James Hervey Otey (born January 27, 1800 in Bedford County , Virginia , † April 23, 1863 in Memphis , Tennessee ) was an American Christian teacher and first Episcopalian bishop of Tennessee.

Live and act

He was born to Isaac Otey and Elizabeth Mathews. He attended the University of North Carolina at Chapel Hill . After graduating in 1820, he became a tutor for Greek and Latin at this school. He married Elizabeth Davis Pannill, with whom he had nine children.

In 1821 he moved to Maury County and became principal of Harpeth Academy . One of his students there was Matthew Fontaine Maury , with whom a lifelong friendship developed. Another of his students was the scholar Benjamin Blake Minor , who later became his son-in-law.

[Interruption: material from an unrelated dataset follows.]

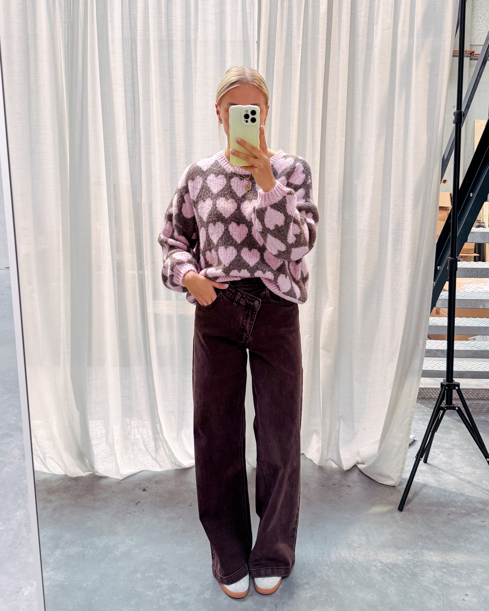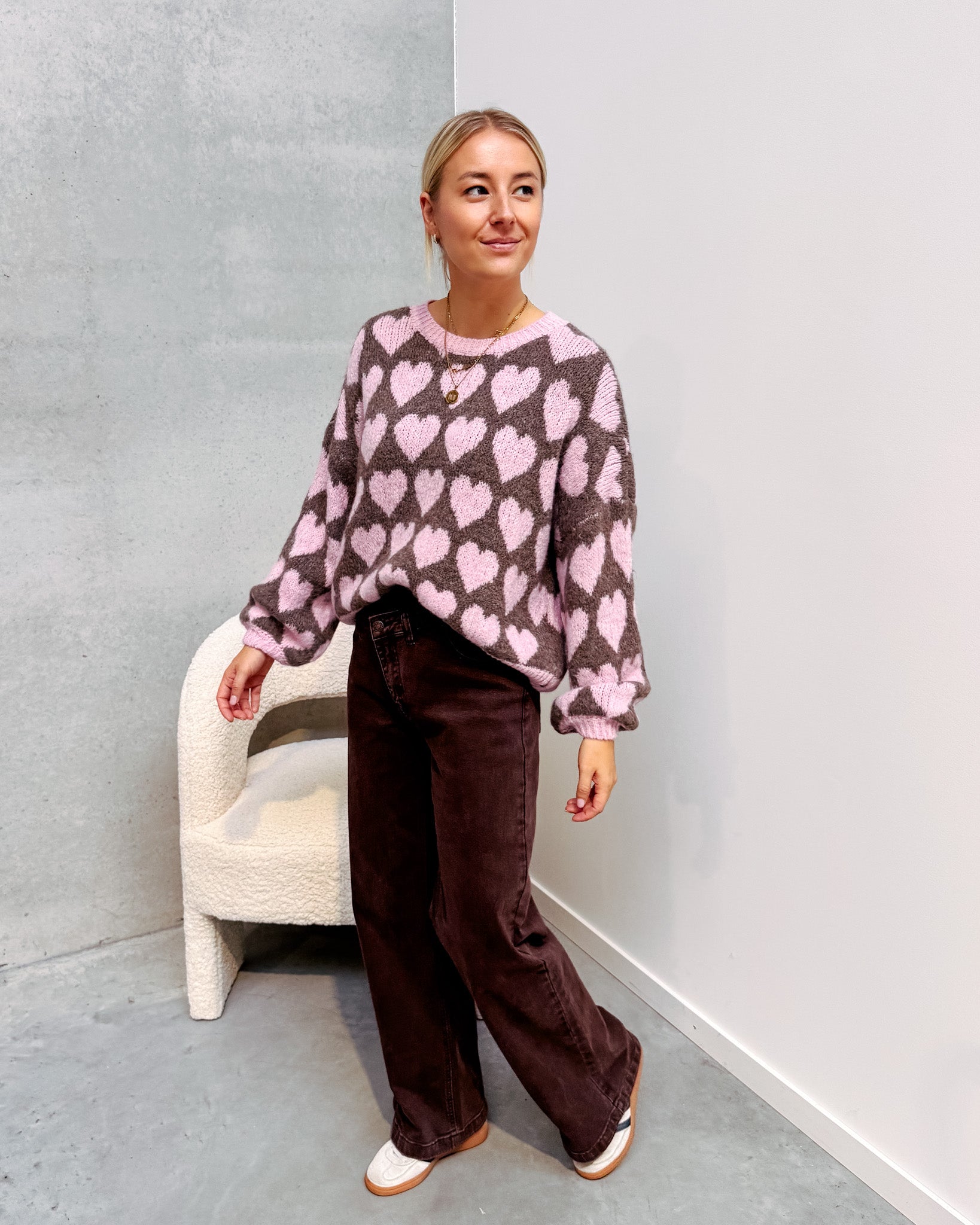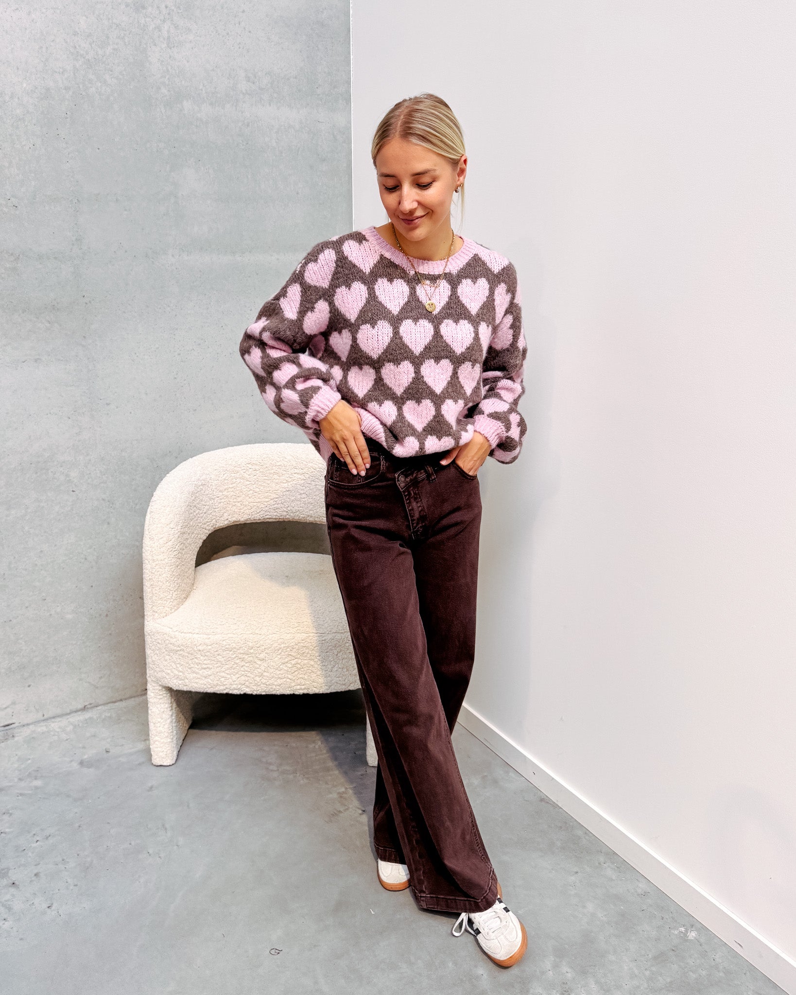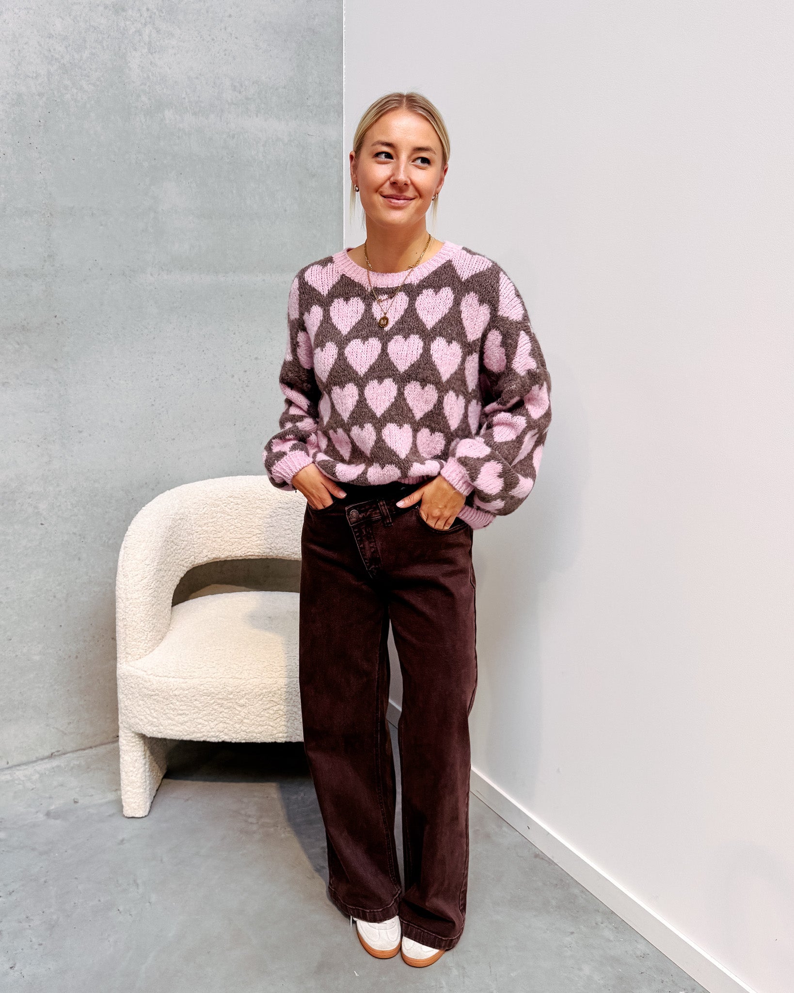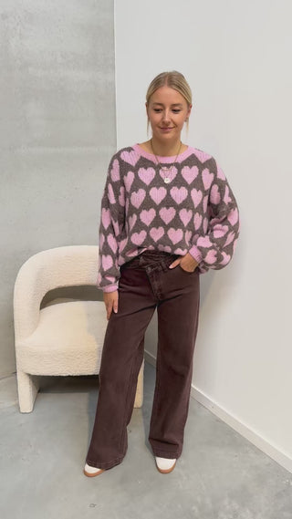 Deze trui heeft een heel schattig printje met hartjes! We love de kleurencombo van roze met bruin. De trui draagt heel zacht aan. Alhoewel er wol in zit, prikt deze niet! Wij combineerden de trui met de ‘ACE DENIM JEANS - BROWN’ samen vormen ze een perfect match! We raden aan de trui met de hand te wassen.

After returning to North Carolina to direct the Warrington Academy, Otey was sustained a member of the Episcopal Church of the United States after his corresponding baptism . In 1825 he became a deacon after studying and in 1827 a priest. Then he returned to Franklin again and founded the first Episcopal Church in Freemasonry , which later became St. Paul's Church. He then founded numerous other churches and finally on July 1, 1829 the Diocese of Tennessee in Nashville . He was elected first bishop in June 1833 and ordained at Christ Church in Philadelphia the following January . After his election he also took over the Diocese of Mississippi and was missionary bishop for Arkansas and the Indian territory that is now Oklahoma . He traveled in these regions for months, planting churches and preaching the gospel .

He was very interested in Christian education and helped establish schools in Ashwood , Jackson and Columbia . His dreams of a "literary and theological seminary" for the region came true when Leonidas Polk , Bishop of Louisiana and his former co-educator at the Columbia Female Institute, directed the founding of the University of the South at Sewanee in 1857 took over.

He lived at this time in "Mercer Hall" in Columbia (1835-1852).

He died in Memphis in 1863. After the Civil War he was taken from the grave there and buried in the cemetery of St. John's Episcopal Church in Ashwood .

literature

  • Otey's Journal: Being the Account by James Hervey Otey, AB, MA, DD, LLD, First Bishop of the Tennessee Diocese of the Protestant Episcopal Church, of His Travels in the Summer of 1851 in England, Scotland, Ireland, and Wales, von James Hervey; Greninger, Edwin Thomas Otey, 1994 for Overmountain Press; Ex Library edition.
  • Memoir of Rt. Rev. James Hervey Otey, DD, LL. D., the first bishop of Tennessee, by William Mercer Green, 1885 in James Pott & Company.
  • Historical Magazine of the Protestant Episcopal Church Vol. 4, No. 1 pp. 53-56, by Thomas Frank Gailor, 1935 from the Historical Society of the Episcopal Church

Web links

Commons : James Hervey Otey  - Collection of Images, Videos and Audio Files

Individual evidence

  1. ^ Churchman Associates, inc: The Churchman, Volume 77. Retrieved February 17, 2017 (Otey's curriculum vitae).
  2. ^ Churchman Associates, inc: The Churchman, Volume 77. Retrieved February 17, 2017 (Otey's curriculum vitae).
  3. ^ Churchman Associates, inc: The Churchman, Volume 77. Retrieved February 17, 2017 (Otey's curriculum vitae).